**INFORMATION SUPPLIED:**
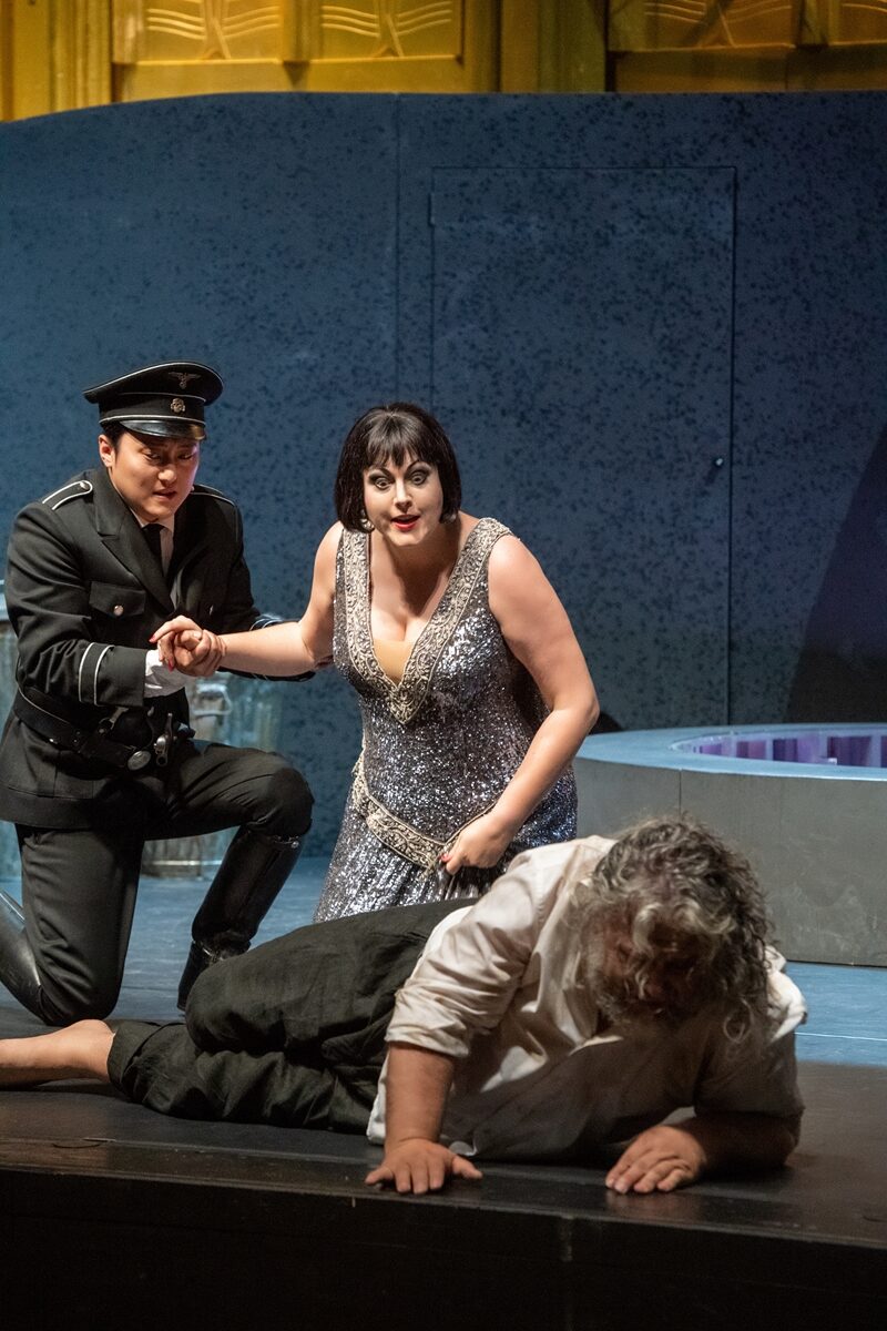 Roswitha Christina Müller war die bis in die höchsten Sopranregionen giftende Herodias. Mit edlem Tenorglanz stattete Woongyi Lee den unglücklich liebenden Narraboth aus. Die kleinen Rollen waren allesamt zuverlässig besetzt – vor allem die der fünf Juden, die ihre schwierigen Ensembles überlegen meisterten.
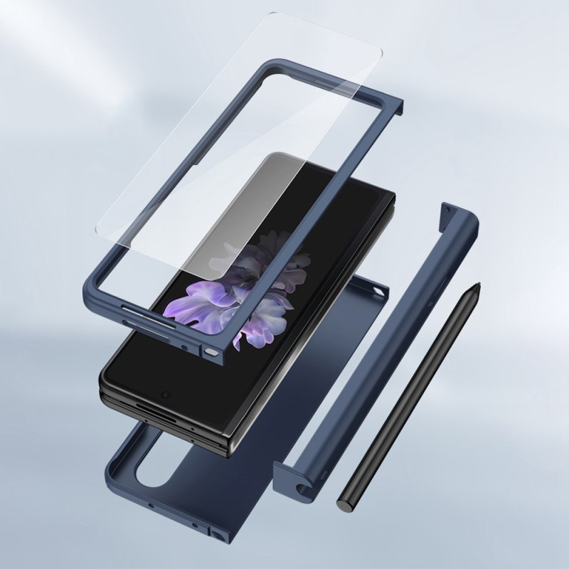 L'ensemble du téléphone est protégé par la plastique, un écran de verre trempé et une charnière amovible.
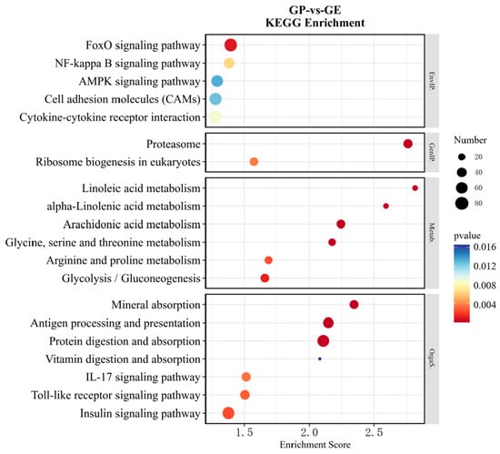 Enrichment analysis of differentially expressed genes in Kyoto Encyclopedia of Genes and Genomes pathways (top 20) in G. przewalskii (GP) vs. G. eckloni (GE). The horizontal axis in the figure is the enrichment score; larger bubble denotes a more substantial number of genes in the enriched pathway, the bubble color changes from blue–yellow–red, and the smaller the enrichment p-value, the greater the significance.

**REQUIRED ACTION:**
Set down all the data again exactly as above, pictures excluded.

**SOLUTION TO THIS TASK:**
 Roswitha Christina Müller war die bis in die höchsten Sopranregionen giftende Herodias. Mit edlem Tenorglanz stattete Woongyi Lee den unglücklich liebenden Narraboth aus. Die kleinen Rollen waren allesamt zuverlässig besetzt – vor allem die der fünf Juden, die ihre schwierigen Ensembles überlegen meisterten.
 L'ensemble du téléphone est protégé par la plastique, un écran de verre trempé et une charnière amovible.
 Enrichment analysis of differentially expressed genes in Kyoto Encyclopedia of Genes and Genomes pathways (top 20) in G. przewalskii (GP) vs. G. eckloni (GE). The horizontal axis in the figure is the enrichment score; larger bubble denotes a more substantial number of genes in the enriched pathway, the bubble color changes from blue–yellow–red, and the smaller the enrichment p-value, the greater the significance.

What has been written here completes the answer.